FEAST OF SAINT FRANCES OF ROME
FEAST DAY – 9th MARCH
Frances of Rome, (1384 – March 9, 1440) is an Italian saint who was wife, mother, mystic, organizer of charitable services and a Benedictine oblate who founded a religious community of oblates, who share a common life without religious vows. She was born in the city of Rome to a wealthy, noble family. From her mother she inherited a quiet manner and a pious devotion to God. From her father, she inherited a strong will. She decided at eleven that she was going to be a nun, but her father had already promised her in marriage to the son of a wealthy family.
In Rome at that time a father’s word was law. A father could even sell his children into slavery or order them killed. But just as he wouldn’t listen to her, Frances wouldn’t listen to him. She stubbornly prayed to God to prevent the marriage until her confessor pointed out that she was opposing God’s Will. She gave in to the marriage reluctantly. It was difficult for people to understand her objection.
Her future husband Lorenzo Ponziani was noble, wealthy, a good person and he really cared for her. An ideal match, except for someone who wanted only to be a bride of Christ. Then her nightmare began. This quiet, shy thirteen year old was thrust into the whirl of parties and banquets that accompanied a wedding. Her mother-in-law Cecilia loved to entertain and expected her new daughter-in-law to enjoy social life too.
Fasting and scourging were far easier than this torture God now asked her to face. Frances collapsed from the strain. For months she lay close to death, unable to eat or move or speak. At her worst, she had a vision of St. Alexis. The son of a noble family, Alexis had run away to beg rather than marry and when he returned home his own father thought he was just another beggar. St. Alexis told her God was giving her an important choice and she accepted God’s Will. This set her on the road to sanctity. St. Alexis told her to live to glorify God’s Name.

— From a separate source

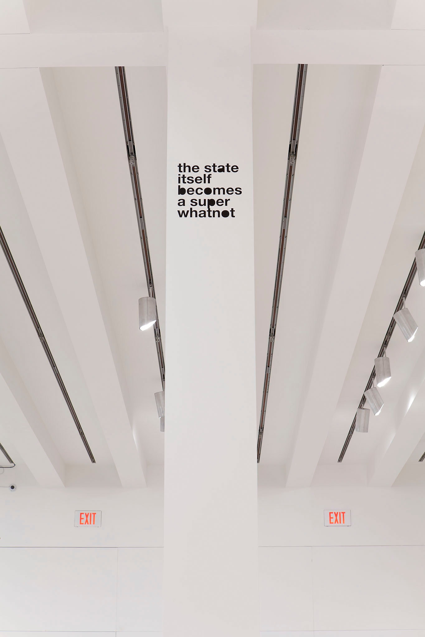 This international, multigenerational group exhibition considers the changing role of the artist in contemporary culture. Bringing together the expansive practices of some of the most provocative and engaged artists working today—Yael Bartana, Liam Gillick, Natascha Sadr Haghighian, Renzo Martens, Bjarne Melgaard, Nástio Mosquito, Hito Steyerl, and Danh Vo—the show examines ways that they negotiate the complicities and contradictions of living in an ever more complex and networked world. Rarely considered together, they each use their own backgrounds or identities as material, frequently in antagonistic or subversive ways. Featuring some 40 works, both past and new, 9 Artists includes a range of sculpture, painting, installation, video, and ephemera.

Her recovery was immediate and complete. Lorenzo became even more devoted to her, and in awe of what she’d been through. But her problems did not disappear. Her mother-in-law expected her to entertain and go on visits with her. Looking at Frances’ sister-in-law Vannozza happily going through the rounds of parties, playing cards, she questioned why Frances couldn’t be more like her. In a house where she lived with her husband, his parents, brother and brother’s family, she felt all alone.
And that’s why Vannozza found her crying bitterly in the garden one day. When Frances poured out her heart to Vannozza, it turned out that this sister-in-law had wanted to live a life devoted to the Lord too. What Frances had written off as frivolity was just Vannozza’s natural easy-going and joyful manner. They became close friends and worked out a program of devout practices and services to work together.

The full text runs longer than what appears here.